Everyone loves a parade. Until, that is, Mr. Clydesdale clops by and drops about fifty pounds of steamy excrement. For some reason, we tolerate this gauche horsey behavior, which is what inspired me to produce an epiphany with global repercussions: We need cars that crap.
Before I delve into the mind-blowing details of cars that crap, let’s further analyze the parade phenomenon with Mr. Clydesdale.
Crowds love horsies, whatever their make or model. Add to that the thrill of not knowing when or where the excrement drop will occur, and you’ve got drama akin to watching a NASCAR race waiting for someone to crash. The elders lean a little closer on their lawn chairs. Lil’ children make sure there is no stray candy that could be splattered by the perilous plop.
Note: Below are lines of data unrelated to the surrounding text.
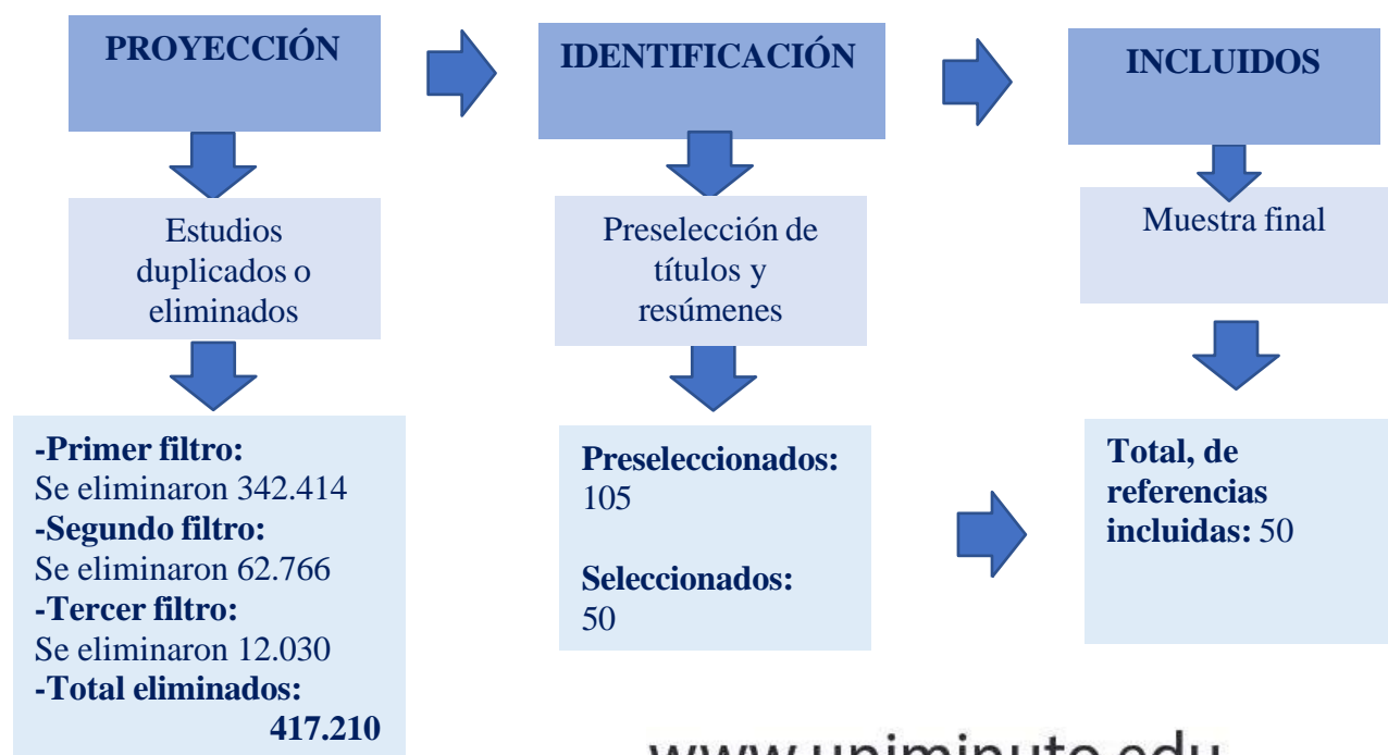
Figura 2 Flujoograma del proceso de identificación, selección/eliminación e inclusión de Revisión Sistemática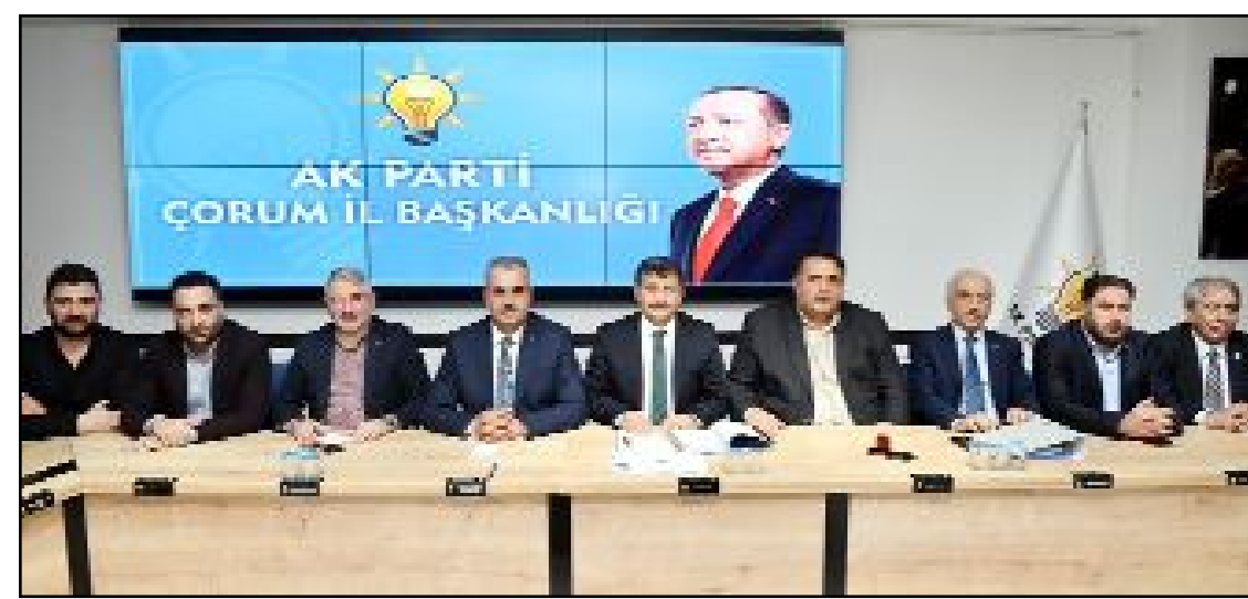
AK Parti'de Seçim Koordinasyon Merkezi sorumlularının katılımı yapılan istişare toplantısında 14 Mayıs seçimleri ele alındı.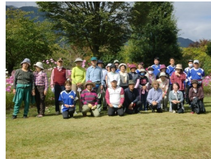
【ウォーキング教室】

Parade-organizers have seen to it that there is an infrastructure in place to deal with those back-door biscuits. You’ll always find some poor sap with a metal shovel and rubber boots, trailing Mr. Ed with his scooper at the ready.
And you know what? We have no problem with a horse pooping on the road. Even more, the poop is quickly scooped up, and rushed to a nearby vegetable garden, where it helps fertilize and grow vegetables that will eventually become human poop. All good.
At a recent parade, I watched a horse poop and receive thunderous applause from the delighted onlookers. My mind immediately drifted to the modern day version of horsies – our cars.
Cars poop, but it’s not a smelly mess. It’s a nearly odorless, invisible gas that drifts off into the atmosphere. I seem to recall reading somewhere that these emissions lead to pollution, greenhouse gases, and other things that will eventually kill us. That’s not good.
No one is cleaning up car poop, I realized. So what if those emissions were solid? What if we had cars that crap?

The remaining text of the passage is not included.